§ Exercise
Copy exactly the lines of the material below that fall between the line with "Linse mit einem Abstrahlwinkel von 120°." and the line with "La Fiscalía del", both of those lines included; pictures stay out.

********

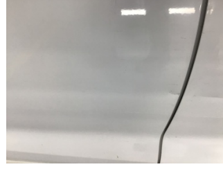
Kapı, sağ arka, Kapı, sağ arka > Ezik
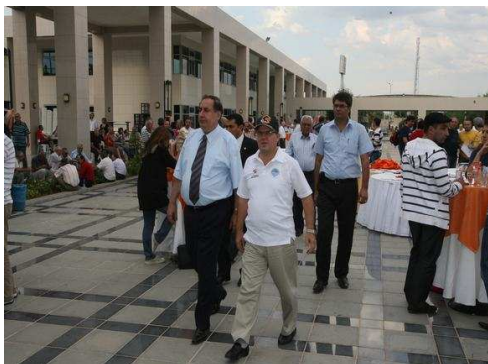
Příchod primátora s doprovodem

Guvernér ostatně nebyl jen pasivním účastníkem předávání cen, ale aktivně si zahrál jeden večerní turnaj pod dohledem osobních strážců a osobních číšníků, kteří mu nosili jeho oblíbený čaj.
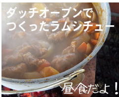
アウトドアクッキング

10月31日、快晴の中、赤平青年会議所が主催する「赤平を100倍楽しむツアー」が開催され、参加者約20名が、一日かけて市内の企業や名所を巡り、新たな発想の体験的ツアーを満喫しました。
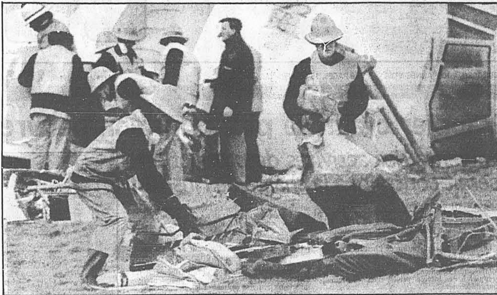
Des sapeurs font un tas des débris qu'ils viennent de retirer de l'avant du Boeing de la Pan Am qui s'est écrasé mercredi en Ecosse. Les recherches se poursuivent pour retrouver les corps d'une centaine des victimes, dont les restes sont devenus méconnaissables.
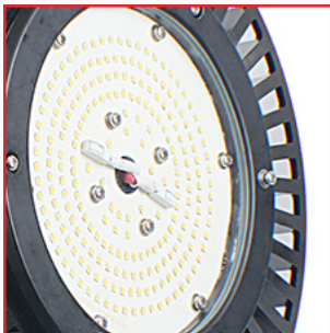
Linse mit einem Abstrahlwinkel von 120°.
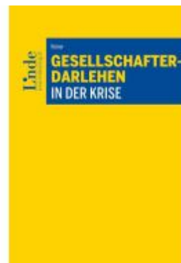
Gesellschafterdarlehen in der Krise
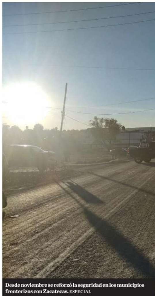
Desde noviembre se reforzó la seguridad en los municipios fronterizos con Zacatecas. ESPECIAL

La Fiscalía del Estado informó que un inmueble de la colonia Tabachines, en Zapopan, fue
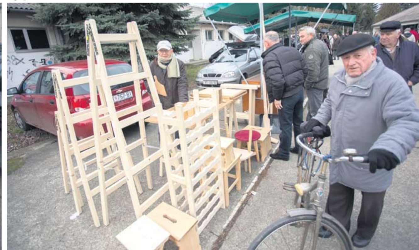
Ručno izradeni radovi uvijek privlače pozornost kupaca
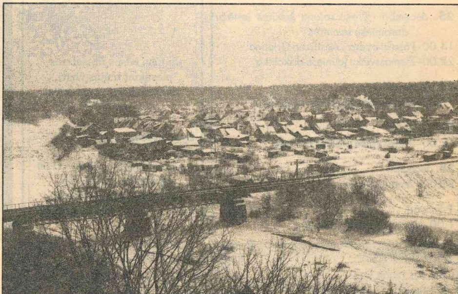
Līvāni ziemā.
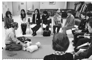
◀研修交流会の様子

登録された方には、年間予定表やボランティア通信などで活動の機会や研修会などをご案内し、都合や興味、関心、特技などに合わせて、ご自分で活動を選んでいただきます。できるときに、できることを末永く！活動してみませんか。
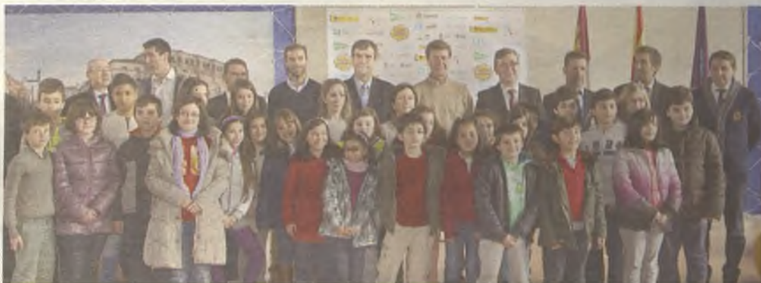
Los niños de la ciudad aprenderán los valores del deporte.
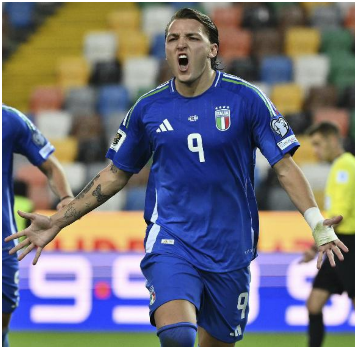
20,45 A BERGAMO, ITALIA AL MATCH VERITÀ CON L'IRLANDA DEL NORD

Ci conosciamo troppo bene per non sapere quanto siamo bravi a nasconderci i problemi: nel paese in cui nessuno ammette e si dimette neanche di fronte ai fallimenti, figuriamoci come potrebbe andare se dovessimo sfangarla. Ma il punto è proprio questo: se i nostri club escono sempre prima dalle coppe europee che contano, se un'intera generazione non ricorda un'Italia ai mondiali, se in troppe cose siamo diventati ormai gli spettatori del parco giochi degli altri, è perché non siamo più capaci di fare sistema, di vedere oltre il nostro naso o il nostro Var. In quasi tutti gli altri sport, l'Italia ci riesce. Se rivogliamo un calcio da protagonisti, dovremo farcela anche lì. Comunque vada stasera.

********

§ Worked solution
Linse mit einem Abstrahlwinkel von 120°.
Gesellschafterdarlehen in der Krise
Desde noviembre se reforzó la seguridad en los municipios fronterizos con Zacatecas. ESPECIAL

La Fiscalía del Estado informó que un inmueble de la colonia Tabachines, en Zapopan, fue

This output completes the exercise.